The team also built a prototype design tool wherein the model gives feedback as users tweak elements in a design across the canvas. Users can adjust “importance scores,” and a back-end algorithm offers new variants based on those specifications.
The tool is bare bones, but the proof of concept is there.
“The training procedure can be adapted, given a new training set, to any number of additional design classes,” researchers wrote. “This opens up the possibility of continually improving the current UMSI model to make it a one-stop shop for predicting attention on any images, natural and designed.”
UMSI is also in the same conceptual ballpark as DesignScape, a layout tool that O’Donovan built back in 2015 before joining Adobe. It used AI to suggest different placement options to avoid overlapping elements, while also offering responsive starting-point template designs.
Each is part of the larger data-driven push. The driving force, as Kumar said of her research, remains: “Can you generalize about design from a huge data set of design?”
When Do We Worry About the Rise of the UX Machines?
It seems a given that machine learning will only make further inroads into design, in both evaluative and assistive capacities. UserTesting, for example, introduced a sentiment-analysis feature last year that drops green and red icons into the playback bar of user-test videos to signal where positive and negative feedback was logged.
Elsewhere, researchers like Qian Yang are exploring AI as UX design material in healthtech, and, as Built In previously reported, Intuit’s tool to help users navigate the requirements for pandemic relief funds leveraged machine learning to personalize the interaction sequence for each user.
Of course, when the conversation turns to AI disruption, it’s easy to fret over the line between labor-saver and job-taker. Designers are no different. Murphy, for one, is surprisingly sanguine about the whole notion.
“I fully expect that my own job will be obsolete during my lifetime,” she said. “What would be my next act when product management itself changes beyond recognition, and it’s no longer interesting? I think that day will come.”

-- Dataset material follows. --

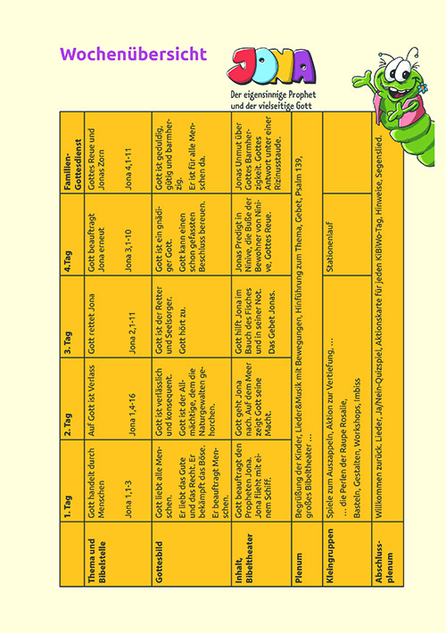 Die Arbeitshilfe für Kinderbibelwoche enthält vier biblische Erlebnisprogramme für Kinder von 6-12 Jahren und einen Entwurf für einen Familiengottesdienst. Gesprächsimpulse, Spiele und Bastelideen komplettieren das Programm.

But as O’Donovan sees it, the complex nature of design means we’re essentially still feeling out which tasks make the best candidates either for automation or data-driven assistance.
“We’re really trying to understand the meat of what’s important in design, and some of those things are aided by data, and some aren’t,” he said.
“Building one data-driven model that will rule them all is, at the moment, not really tractable,” O’Donovan added.